Cerca de 6% da população é afetada pelo fenómeno que se traduz em casas com falta de condições de habitabilidade e conforto térmico. O Just a Change juntou peritos em Lisboa para debater soluções.

A construção de uma casa não se inicia pelo telhado, mas, por vezes, é preciso inverter a lógica de intervenção para conseguir resolver desafios importantes em matéria de habitação. Esse tem sido um dos eixos de atuação do Just a Change, a associação sem fins lucrativos que tem um propósito bem definido: “reabilitamos casas e reconstruímos vidas”, resumiu Eduardo Lopes, diretor de operações da instituição na região Norte.

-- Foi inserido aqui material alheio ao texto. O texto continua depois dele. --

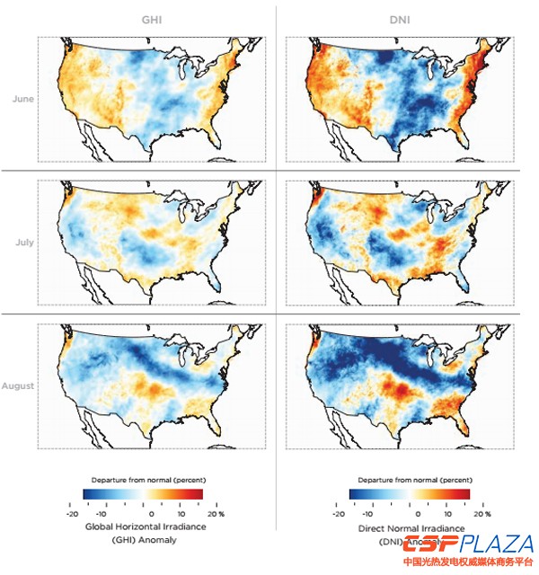 下面這副圖片則向我們展示了美國今年夏天太陽能輻照強度與往年平均值相比的波動情況。
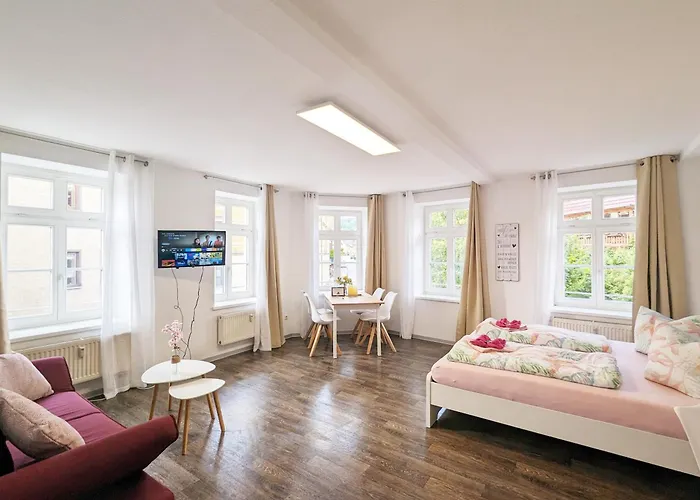 F2 - Urlaubsmagie Sauna, Pool & Garten Sebnitz, un appartamento con 1 camera da letto, offre prossimità ad attrazioni turistiche come Africa House Sebnitz, che si trova a soli 6 minuti a piedi. Gli ospiti potranno godere di una jacuzzi e una saunain quest'appartamento, situato a 150 metri daC Deutsche Kunstblume Sebnitz.

Eduardo Lopes, diretor de operações do Just a Change na região Norte
Eduardo Lopes, diretor de operações na região Norte do Just a Change

A propósito da conferência “Sob o mesmo teto 2025”, que tomou conta da Fundação do Oriente, em Lisboa, o Just a Change juntou organizações não-governamentais, parceiros e outras instituições de solidariedade social para, mais do que fazer diagnósticos, apresentar soluções para combater a pobreza habitacional.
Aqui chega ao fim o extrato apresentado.